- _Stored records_
☆ ☆ ☆ ☆ ☆

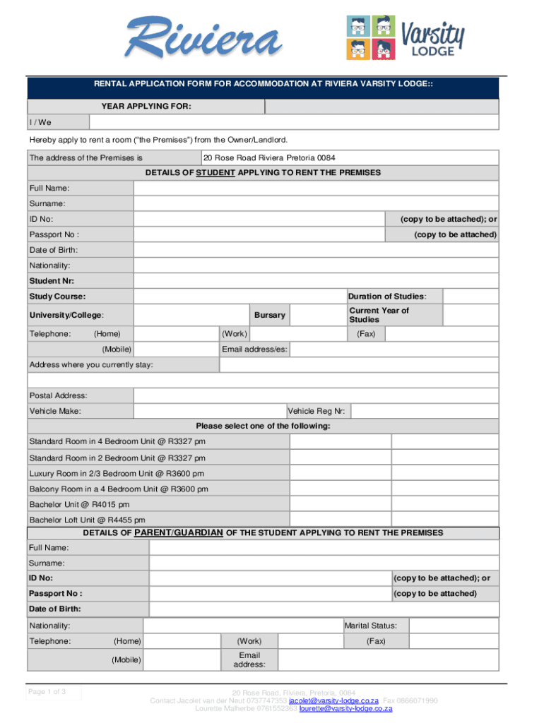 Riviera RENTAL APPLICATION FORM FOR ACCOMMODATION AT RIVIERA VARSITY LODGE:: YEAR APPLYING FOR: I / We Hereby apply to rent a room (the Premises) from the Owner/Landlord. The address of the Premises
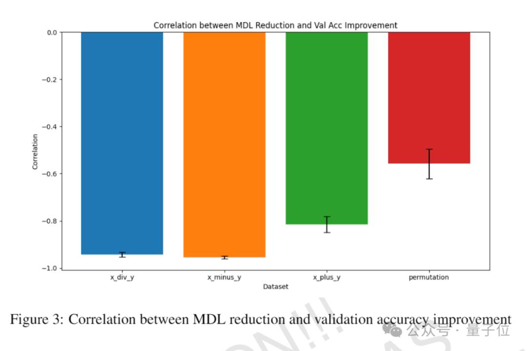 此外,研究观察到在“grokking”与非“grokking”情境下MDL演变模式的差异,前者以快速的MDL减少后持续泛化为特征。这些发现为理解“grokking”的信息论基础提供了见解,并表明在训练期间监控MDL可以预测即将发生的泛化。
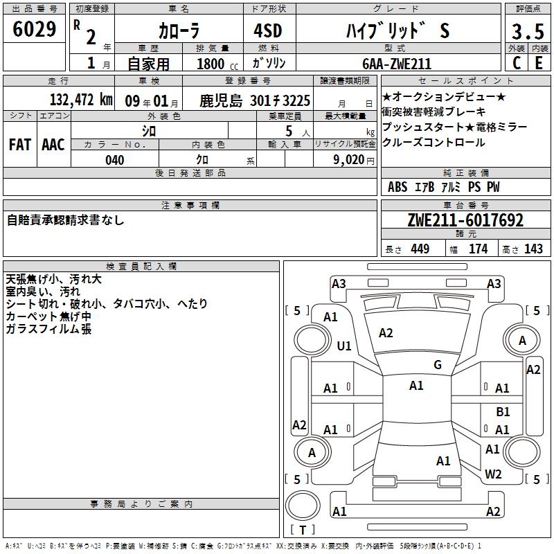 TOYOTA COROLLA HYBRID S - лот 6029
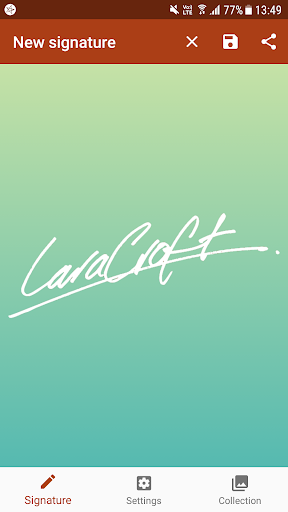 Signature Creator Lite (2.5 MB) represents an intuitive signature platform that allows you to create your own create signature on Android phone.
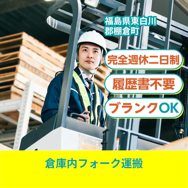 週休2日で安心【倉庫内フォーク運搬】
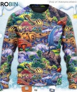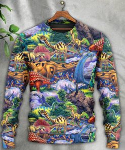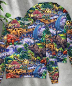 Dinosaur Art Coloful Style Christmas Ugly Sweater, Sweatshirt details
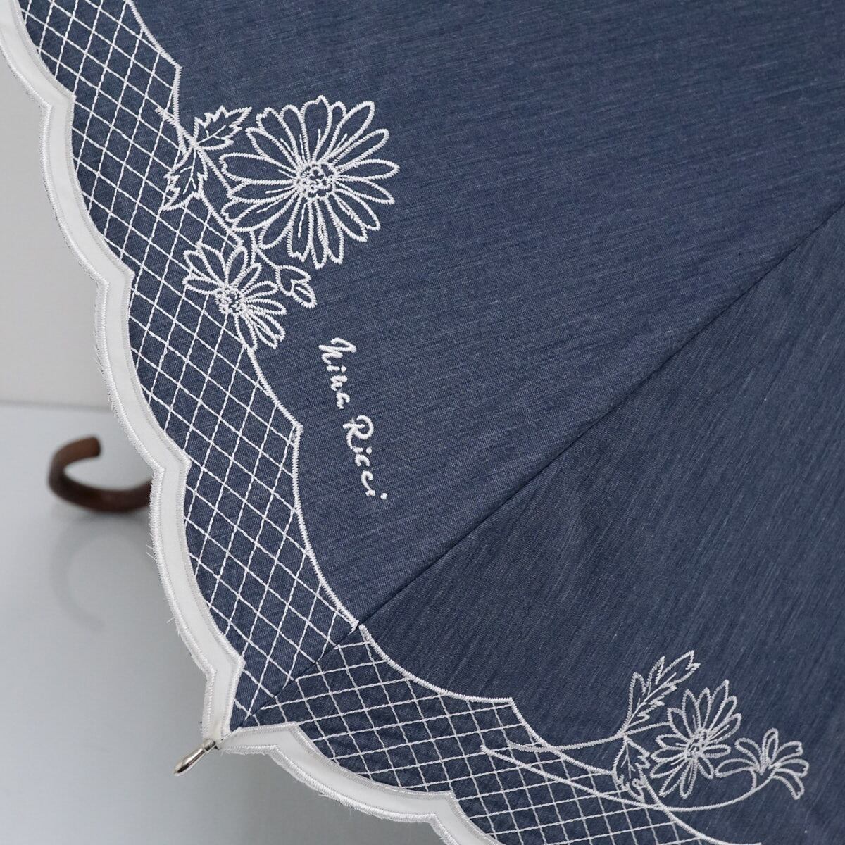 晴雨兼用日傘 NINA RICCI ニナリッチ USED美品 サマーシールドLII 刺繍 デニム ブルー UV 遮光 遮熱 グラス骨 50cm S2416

☆ ☆ ☆ ☆ ☆

- _The problem_
Leave images out of the retyped records; keep all else exact.

- _Response for this exercise_
 Riviera RENTAL APPLICATION FORM FOR ACCOMMODATION AT RIVIERA VARSITY LODGE:: YEAR APPLYING FOR: I / We Hereby apply to rent a room (the Premises) from the Owner/Landlord. The address of the Premises
 此外,研究观察到在“grokking”与非“grokking”情境下MDL演变模式的差异,前者以快速的MDL减少后持续泛化为特征。这些发现为理解“grokking”的信息论基础提供了见解,并表明在训练期间监控MDL可以预测即将发生的泛化。
 TOYOTA COROLLA HYBRID S - лот 6029
 Signature Creator Lite (2.5 MB) represents an intuitive signature platform that allows you to create your own create signature on Android phone.
 週休2日で安心【倉庫内フォーク運搬】
 Dinosaur Art Coloful Style Christmas Ugly Sweater, Sweatshirt details
 晴雨兼用日傘 NINA RICCI ニナリッチ USED美品 サマーシールドLII 刺繍 デニム ブルー UV 遮光 遮熱 グラス骨 50cm S2416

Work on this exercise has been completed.